The teacher could not answer me at first. Then she explained that the devil was a spirit, he was invisible, we could not see him, which is why he was so dangerous. “Well, is he visible in hell?” I was wondering to myself where that picture of him had been taken. Yes, the teacher slowly nodded; yes, very likely he was visible in hell.

I decided to put an end to all this terror. After I confirmed that heaven was “up there” and hell was “down there,” I began to dig a hole in the playground at every recess. Soon the other children began to help me. “We are going to dig to hell, and we are going to kill the devil.” It was a simple, yet powerful plan, for nearly all the children became as passionate and committed as I was, without reservation, to remove evil from our world.

Only the teachers were troubled. They questioned me in tremulous voices. Was I not growing tired of this project? Would I not like to play with the other children? My scorn for the ineffectiveness of grownups only increased. It was no wonder the devil and his evil were loose everywhere. Like my mother, they were weak, impressionable, held under his dark power even from so far away. But I would protect them before the devil arrived in Mount Vernon, New York. I would do the simple, practical thing and kill him myself.

Unfortunately, my father grew concerned that my school was not a good place for me, and had me transferred to another school where all the playgrounds were pavement.

If this post got you to thinking, please leave a comment and join the conversation

2 comments:

  1. I wanted to comment on your more recent article that mentioned the devil- the one where in hindsight you felt perhaps what you thought was God speaking to you was really the devil or a minyan. But I just had to read this one first. Fascinating. I am so proud of your little girl self for expecting that something COULD BE DONE about the problem of the devil. Yeay!
    Anyway, about the voice you heard as a young woman; I do not know if it was the Lord or another; but He would have known what your response was before He communicated to you in such a way, so it would not be the rash truncating of a relationship that one might think.
    Your story reminded me of my own history - but in contast. I married a man by means of a church wedding while in an unmarried relationship with him. During our one premarriage counselling session with the preacher, the preacher, a white-haired man, asked if there were anything unusual about the wedding that he needed to know about. I know at that time that he was vaguely refering to an established unmarried relationship, but I did not say anything about it. That incident of compromise was representative of my life before and since. I continue to have trouble being honest with people- even when that is what I most want to do. The truth sometimes seems so complicated. anyway, I wrote a short story and posted it on my blog, www.rethinking1776.blogspot.com , under the title "HOW MANY" about what I could have done instead.

    ReplyDelete
  2. Thank you Joan!

    Actually, I do know that it was the Lord speaking to me as a young woman, but there are those who insist that the Lord never speaks to people these days, that all of that sort of thing went away with the last apostle.
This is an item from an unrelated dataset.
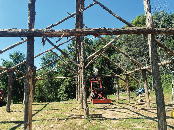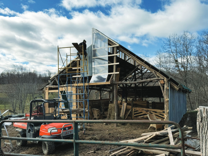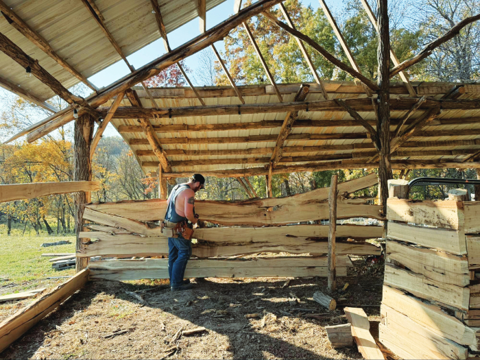 - Meet your budget. In terms of cash dollars, we spent about $2,500, most of which was on the trees themselves, the trucking to get them home, and the fasteners used to hold it all together. We bartered with the neighbor for the tin and poplar boards, and the locust lumber was milled by a friend for pennies on the dollar. It’s hard to say what you might spend to recreate this barn from all-new materials, but this layperson’s guess is in the range of $20,000, even if you did all the labor yourself. There’s immense value in getting to know the members of your community and being generous with your own time and resources – it’ll all come back to you and then some.

    I don't agree. I know God speaks to His own in every way imaginable. He was drawing me back to Himself, and part of that was to break off the relationship with the man to whose house I was headed. I should never have been in a relationship with him in the first place, and our relationship was not healthy for either of us.

    It was the right thing to do, to turn around and throw myself down before the Lord in utter repentance and to determine, one by one, to make right what I couls, and to excise from my life those things that were so wrong. It didn't happen in a day, and truthfully, I think this process happens until the day we "go to glory."

    Telling the truth is really hard, especially when the environment is harsh on those who admit to the truth and only rewards those who make everything look good. We Christians have unfortunately created that kind of environment for ourselves, typically.